Heb tedere genegenheid voor elkaar’

„Hebt in broederlijke liefde tedere genegenheid voor elkaar.” — ROMEINEN 12:10.

1, 2. Welke band hadden een hedendaagse zendeling en de apostel Paulus met hun broeders en zusters?

IN DE 43 jaar dat Don in het Verre Oosten als zendeling had gewerkt, had hij steeds bekendgestaan om de genegenheid die hij voelde voor degenen die hij diende. Nu hij vocht tegen de ziekte die hem uiteindelijk fataal zou worden, legden sommigen van zijn vroegere bijbelstudenten duizenden kilometers af om aan zijn bed te zeggen: „Kamsahamnida, kamsahamnida!” — „Dank je wel, dank je wel!” in het Koreaans.
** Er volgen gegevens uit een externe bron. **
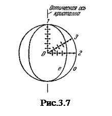 В обыкновенном луче колебания светового вектора происходят в направлении, перпендикулярном к главному сечению кристалла (на рис.3.8 эти колебания изображены точками на соответствующем луче). Поэтому при любом направлении обыкновенного луча (на рис.3.7 указаны три направления: 1, 2 и 3) вектор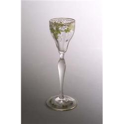 farbloses Glas. Auf Fuß und Kuppa Bemalung eines Weinrankendekors in Gold und grüner Emailfarbe. Über rundem Tellerfuß sich erweiternder Schaft mit kelchförmiger Kuppa. H.: 14 cm. Unbezeichnet. Um 1905

Dons tedere genegenheid had hun hart geraakt.

2 Dons voorbeeld is niet uniek. In de eerste eeuw uitte de apostel Paulus zijn diepe genegenheid voor degenen die hij diende. Paulus was opofferingsgezind. Hoewel hij er uitgesproken meningen op na hield, was hij ook vriendelijk en zorgzaam, „zoals wanneer een zogende moeder haar eigen kinderen koestert”. Hij schreef aan de gemeente in Thessalonika: „Daar wij . . . tedere genegenheid voor u hadden, hebben wij u gaarne niet alleen het goede nieuws van God meegedeeld, maar ook onze eigen ziel, want gij zijt ons lief geworden” (1 Thessalonicenzen 2:7, 8). Toen Paulus zijn broeders uit Efeze later vertelde dat ze hem niet meer zouden zien, barstte er „geween onder hen allen uit, en zij vielen Paulus om de hals en kusten hem teder” (Handelingen 20:25, 37). Het is duidelijk dat de band tussen Paulus en zijn broeders en zusters veel dieper ging dan een gemeenschappelijk geloof. Ze hadden tedere genegenheid voor elkaar.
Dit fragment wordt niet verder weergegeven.